Monday, May 12, 2014: 10:40
Bonnet Creek Ballroom III, Lobby Level (Hilton Orlando Bonnet Creek)
S. Tepavcevic (Material Science Division, Argonne National Laboratory), D. Zhou (Chemical Sciences and Engineering Division, Argonne National Laboratory), C. S. Johnson (Argonne National Laboratory), and T. Rajh (Center for Nanoscale Materials, Argonne National Laboratory)
Introduction Rechargeable battery systems with different transporting ions that can provide an alternative choice to Li batteries would bring substantial relief and expansion of the existing energy storage market. To achieve substantially greater energy density than Li-ion magnesium batteries are the most promising technology. Furthermore, because of its “green” character Mg is environmentally friendly, with high natural abundance in the Earth’s crust (13.9% as compared to 0.0007 % for Li), and atmospheric stability. Due to the divalent nature of Mg ions and the use of a magnesium metal anode, magnesium batteries can obtain higher energy density than state-of-the-art lithium batteries. However, magnesium electrochemistry suffers from serious limitations due to anode/electrolyte incompatibility. In 2008, the Aurbach group at Bar-Ilan University made a key breakthrough in rechargeable magnesium battery technology demonstrating the battery with an electrolyte solution based on Mg organohaloaluminate salts, a magnesium metal anode, and an MgxMo3S4 cathode1. However, such a design exhibits relatively narrow electrochemical stability window (up to 2.2 V vs. Mg) limiting greatly the choice of cathodes and ultimately its potential specific energy. Alternative material families, as well as new design approaches, are highly desirable for ultimate industrialization of Mg secondary batteries.

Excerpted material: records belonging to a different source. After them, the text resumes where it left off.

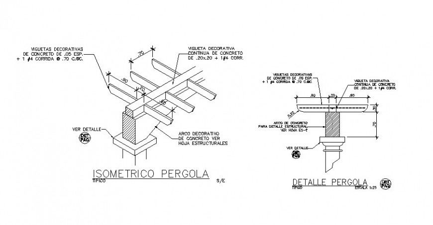 Pergola details 2d drawing in autocad
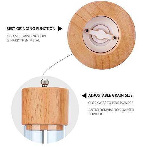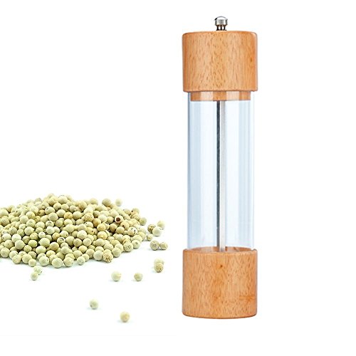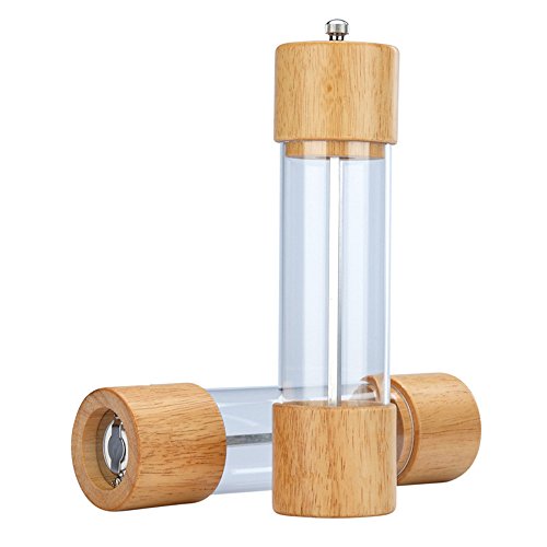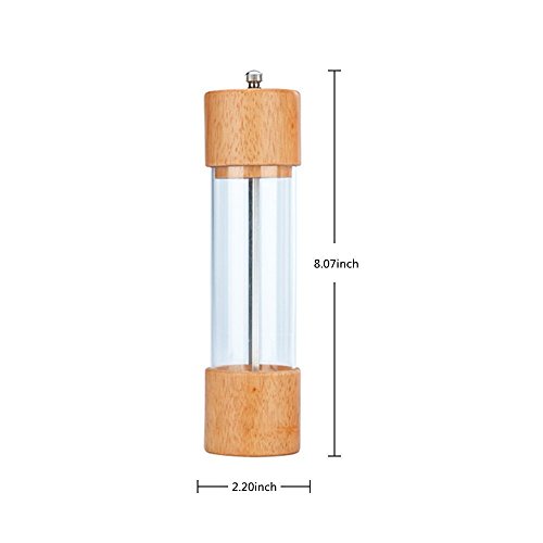 Homespace Wooden Pepper Grinders - Salt and Pepper Mills with Adjustable Coarseness - Acrylic Transparent Manual Pepper Mill - Seasoning Grinders
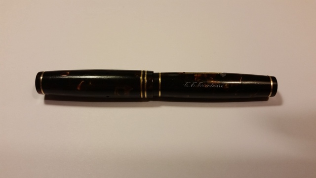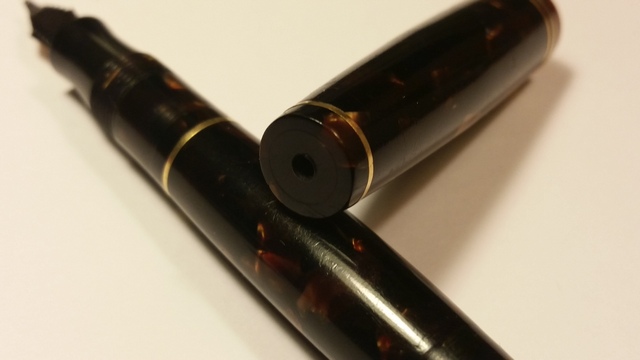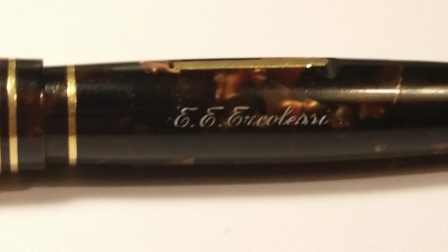Poche ore fa, mentre tornavo a casa, mi sono imbattuto in un negozietto dell'antiquariato, dove ho scovato, tra le cianfrusaglie, questa meravigliosa pennetta. Lunga chiusa 10 cm, questa piccina è marchiata E.E.Ercolessi, il più storico e famoso negozio di articoli da scrittura di Milano. Fondato nel 1921 (da Edgardo e Elvira Ercolessi), questo negozio è stato per moltissimo tempo il negozio di riferimento per tutti i milanesi. Ancora oggi, seppur di meno, è molto conosciuto, anche se ha perso un po' quel suo vecchio bagliore che lo ha reso così famoso. La penna ha un caricamento a levetta, il corpo e il cappuccio sono in celluloide marrone con dei riflessi meravigliosi (dalle foto che allegherò non si riesce bene a distinguerle). Il pennino originale, molto spesso, è in oro 14 carati. L'anellino sulla sommità del cappuccio, che credo servisse per farci passare un nastrino o una catenina, è purtroppo assente. Mi hanno particolarmente incuriosito le molte verette (ben 5) sia sul corpo che sul cappuccio. Ho ravvivato le incisioni con l'Uni Posca bianco. Purtroppo in rete non ci sono informazioni sulla produzione di stilografiche da parte dell'Ercolessi (sul wiki ho trovato preziosi informazioni) e quindi non riesco ad identificarne il modello. Vi allego in aggiunta qualche foto:
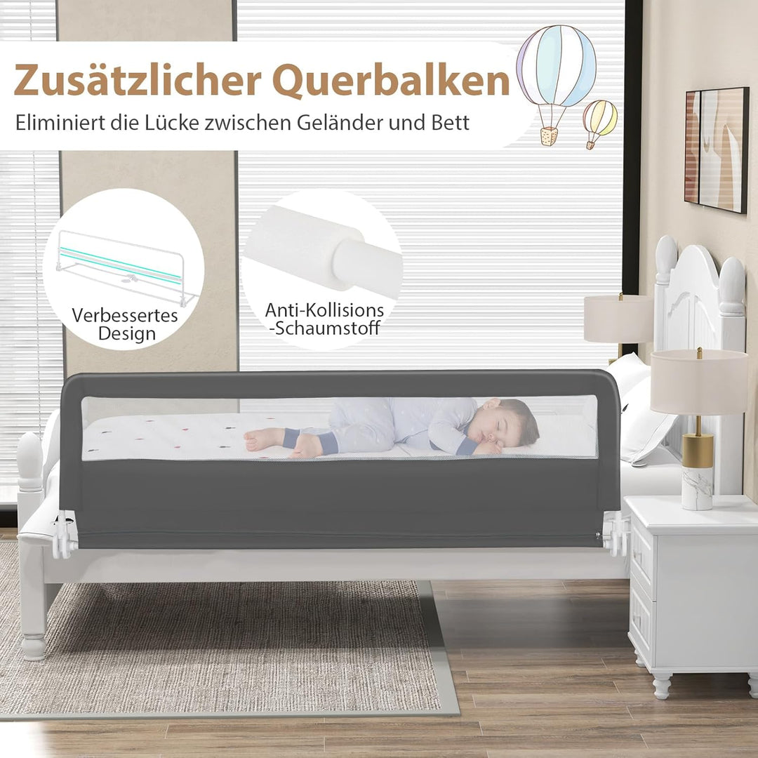 - đŁăSichere & angenehme SchlafenszeităMit einer LĂ€nge von 180 cm und einer Höhe von 56 cm bietet dieses Bettgitter Babys einen hervorragenden Schutz beim Schlafen und ermöglicht Eltern eine ruhige Schlafenszeit.
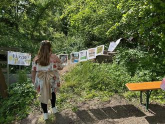 An den verschiedenen Aktionstagen vorher wurde dieser dafür vorbereitet: Wege freigelegt und befestigt, die Baumschilder der Kinder erneuert, das grüne Klassenzimmer mit Baumstämmen zum Sitzen versehen, das Ufer des Bächleins befestigt u.v.m.
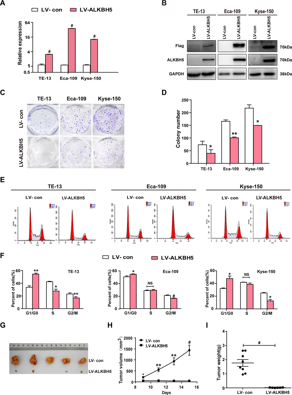 Ectopic expression of ALKBH5 suppresses in vivo tumorigenicity of ESCC cells
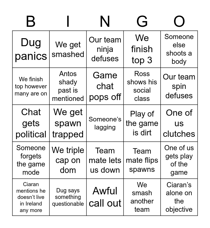 This bingo card has a free space and 24 words: We triple cap on dom, Dug says something questionable, Game chat pops off, Ciaran mentions he doesn’t live in Ireland any more, Someone else shoots a body, Dug panics, We finish top however many are on, We get smashed, Play of the game is dirt, Team mate lets us down, Ross shows his social class, Chat gets political, Team mate flips spawns, One of us gets play of the game, Antos shady past is mentioned, We smash another team, One of us clutches, Our team ninja defuses, Our team spin defuses, We get spawn trapped, Ciaran’s alone on the objective, Someone forgets the game mode, We finish top 3 and Awful call out.
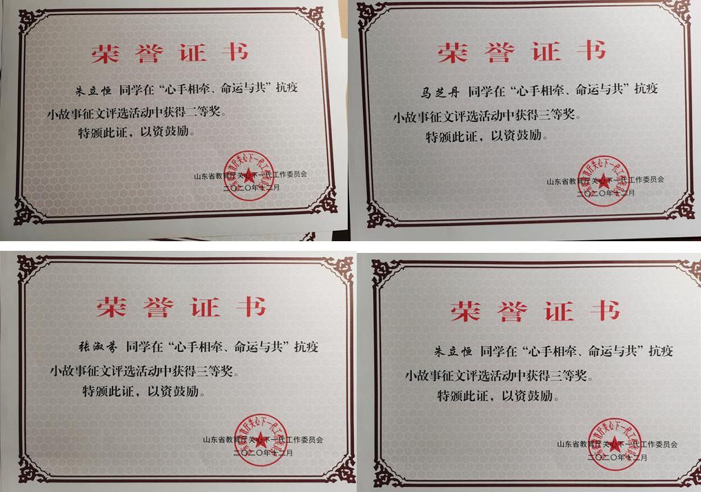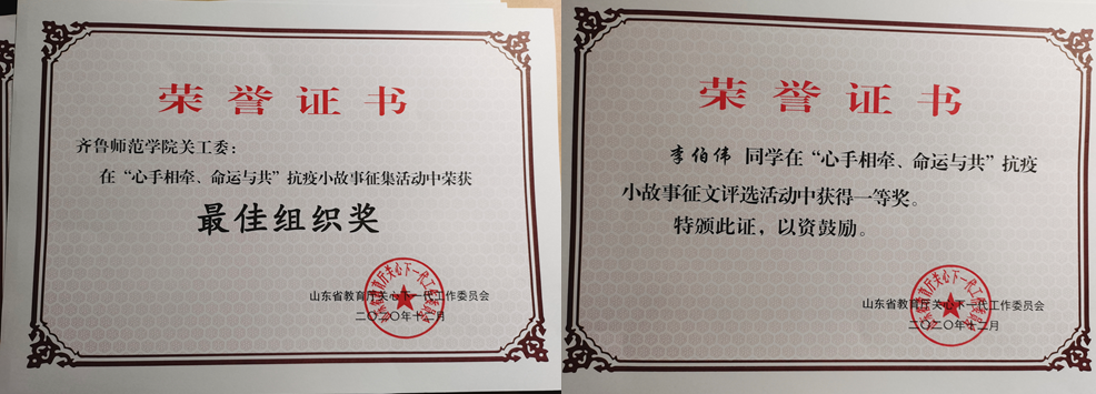 近日,在山东省教育厅关工委组织的全省教育系统“心手相牵、命运与共”抗疫小故事征文活动中,我校关工委荣获最佳组织奖,参评的五篇征文分别取得一个一等奖、一个二等奖和三个三等奖的好成绩。
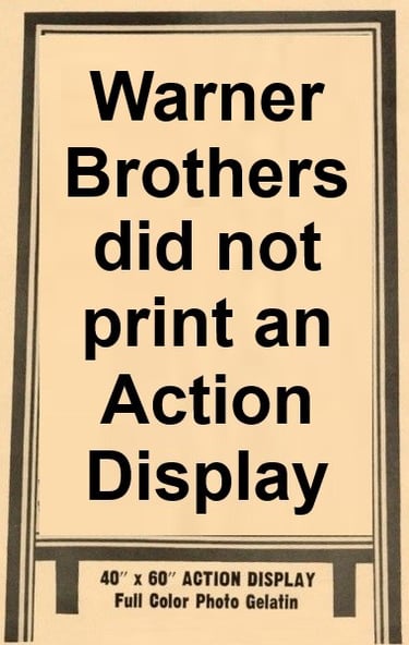 American Display Company was a company based in New York City and from 1936 to roughly 1941, this company printed its own one-sheets and lobby card sets (and a very few inserts, half-sheets, three-sheets, 40x60s and stills) for three major studio movies (Warner Brothers, Paramount and United Artists, but no other studios). The items almost always feature a tiny legal disclaimer and cast credits only. The posters and lobby cards are from the original release of the movie, and almost always have completely different artwork from the regular studio release. Before it was discovered by noted poster dealer/historian Walter Reuben, collectors did not know the name of this company (and thought it to be located in the Midwest), and it is often referred to as the "other company" (and we will continue to refer to it that way, since collectors know it that way).
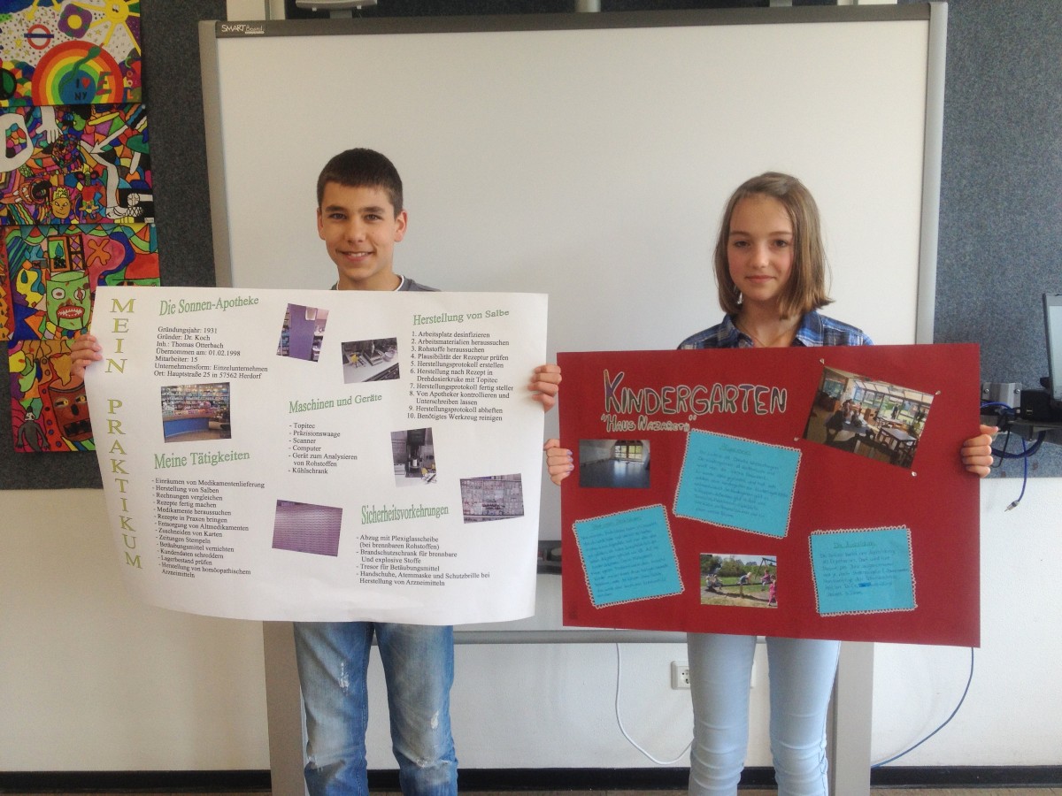 Die Achtklässler der IGS Betzdorf-Kirchen absolvierten nach den Osterferien ihr erstes zweiwöchiges Praktikum in einem Betrieb. Die Schülerinnen und Schüler hatten bereits in den vergangenen Schuljahren erste Erfahrungen im Berufsleben gesammelt. Im Rahmen der Berufsorientierung wurden Tagespraktika und Betriebserkundungen durchgeführt. Doch nun begann für die Jugendlichen zwei Wochen lang der Ernst des Lebens. Das Bestreiten eines Arbeitsalltags, der frühes Aufstehen, einen langen Arbeitstag, ungewohnte körperliche und neue geistige Anforderungen, Pflichten, Verantwortung und Selbstständigkeit forderte. Bei den Praktikumsbesuchen durch die Klassenlehrer zeigte sich jedoch schnell, dass es den Schülerinnen und Schülern gelang, diese Herausforderungen gut zu meistern. Die Betriebe sparten nicht mit Lob und sprachen durchweg positiv über den Arbeitseinsatz und auch das Sozialverhalten der Jugendlichen. Diese stellten an einem Präsentationsabend, zu dem Eltern, Betriebe und das Kollegium eingeladen waren, ihr Praktikum vor. Über 200 Gäste füllten den Mehrzweckraum in Kirchen und bekamen auf den über 100 Plakaten Einblicke zu den unterschiedlichsten Praktika im sozialen –, im handwerklichen – und im Dienstleistungsbereich. Zudem hielten einige Schülerinnen und Schüler interessante Vorträge über ihre Erwartungen und ihre Erfahrungen im Praktikum. Dabei scheuten sie sich auch nicht vor ehrlichen Worten. Mareen Althoff, die über den Alltag in einer Kindertagesstätte berichtet hatte, erntete mit ihren Abschlussworten herzliches Gelächter aus dem Publikum: „Die Arbeit mit den Kindern hat mir sehr viel Spaß gemacht. Allerdings weiß ich noch nicht, ob ich später in diesem Berufsfeld arbeiten möchte, da kleine Kinder doch manchmal auch ganz schön anstrengend sein können.“

Some researchers are searching for new electrolytes that work well with magnesium metal. Another potential solution is to use a different type of anode, one that works with familiar, conventional electrolytes. There have been recent and encouraging experimentations on Mg batteries with Sb, Sn, and Bi anodes by Singh et al.2

Exploration for new cathode materials for rechargeable Mg batteries is focused on intercalation compounds exhibiting a higher working potential and capacity. Nanostructured bilayered V2O5 is highly efficient 3 V cathode material for ambient temperature sodium ion batteries3. It shows superb performance: theoretical reversible capacity for Na2V2O5 stoichiometry of 250 mAh/g, excellent rate capability and cycle life, as well as high energy and power densities. Our preliminary results show that it is possible to extend the reversible ion-insertion chemistry of nanostructured layered V2O5 beyond lithium and larger in size Na+ ions to those with higher charge: Mg2+ions.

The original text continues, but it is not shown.